[Coral-List] European Coral Reef Symposium-Mechanisms of Calcification (session 2)
stambutte at centrescientifique.mc
Wed Jun 7 10:18:16 EDT 2017
We'd like to bring your attention to a session on “Mechanistic insights into coral calcification in the context of a global change environment" (session number 2 abstract below) that we're chairing during the ECRS 2017 in Oxford, December 13th-15th (http://www.reefconservationuk.co.uk/ecrs-2017.html).
Abstract submission is open until June 30th and we're looking forward to contributions on the mechanistic aspects of calcification in coral reef calcifiers. Studies from diverse fields of research including skeletal geochemistry, chemistry, physiology and molecular biology are welcome.
We look forward to receiving your submission to this exciting meeting and to seeing you in Oxford in December!

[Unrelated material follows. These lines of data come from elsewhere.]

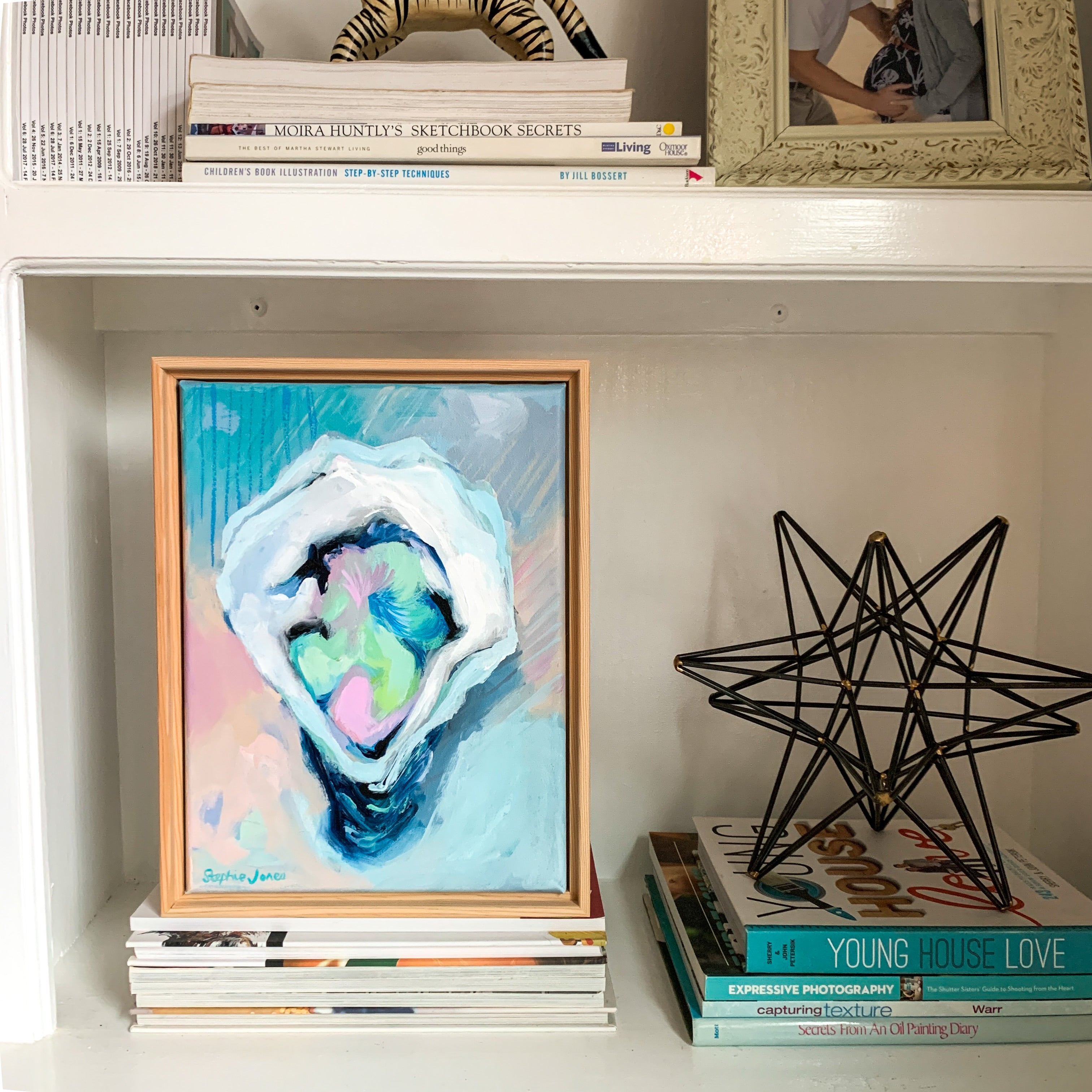 Brightly painted oysters by Stephie Jones, acrylic on canvas. Framed in natural wood float frame, wired and ready to hang.
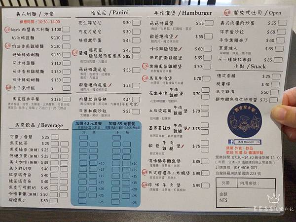有義大利麵、米食、帕尼尼、手作漢堡、開放式吐司、飲品、小點、提拉米蘇等等~
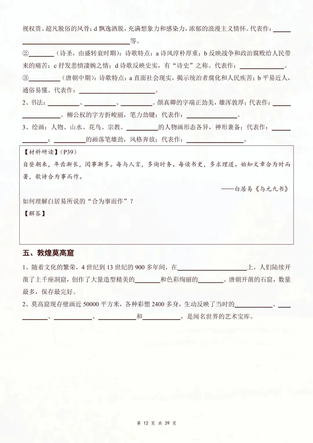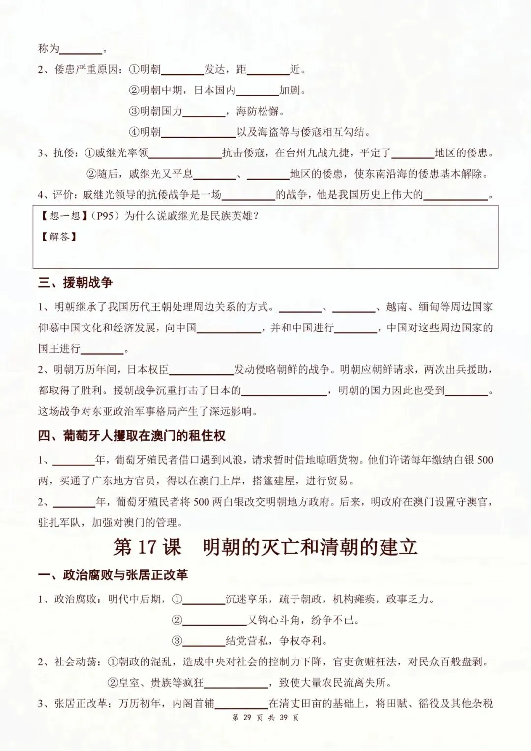 七年级下册历史|全册重点知识考点默写版 电子版可打印

Sylvie Tambutte, Alexander Venn, Tali Mass , Nicola Allison
Session number 2 abstract:
Coral calcification is biologically controlled at the cellular and molecular levels. However it is well known that this biomineralization process is also influenced by environmental physico-chemical parameters. Indeed ocean acidification and increasing seawater temperatures affect coral biomineralization but how and why this happens isn’t well understood. Improving our understanding of the effects of these environmental parameters on corals relies on achieving a mechanistic understanding of the biomineralization process. The biological control underlying coral biomineralization is a key factor in determining the resistance/sensitivity of coral species to environmental parameters. Data on the mechanisms of coral calcification come from diverse fields of research including skeletal geochemistry, chemistry, physiology and molecular biology. Such studies focus on different compartments such as the skeleton and the tissue, and may address different levels of biological organization from the molecule to the organism. Data from such studies are vital in working towards a more integrated picture of calcification. The mechanisms involved in biomineralization have only been partly characterized such as various systems of ion transport, carbonate chemistry at the site of calcification and the role of organic matrix proteins. Many aspects of coral calcification mechanisms remain enigmatic or are still debated due to contradictory findings. Further mechanistic research is clearly needed. This session welcomes studies that improve current mechanistic understanding of coral calcification, including studies that examine the effect of defined environmental scenarios on the biomineralization process. Comparative interspecies studies are especially informative as they allow identification of common or species-specific toolkits used by corals to calcify and respond to environmental stressors.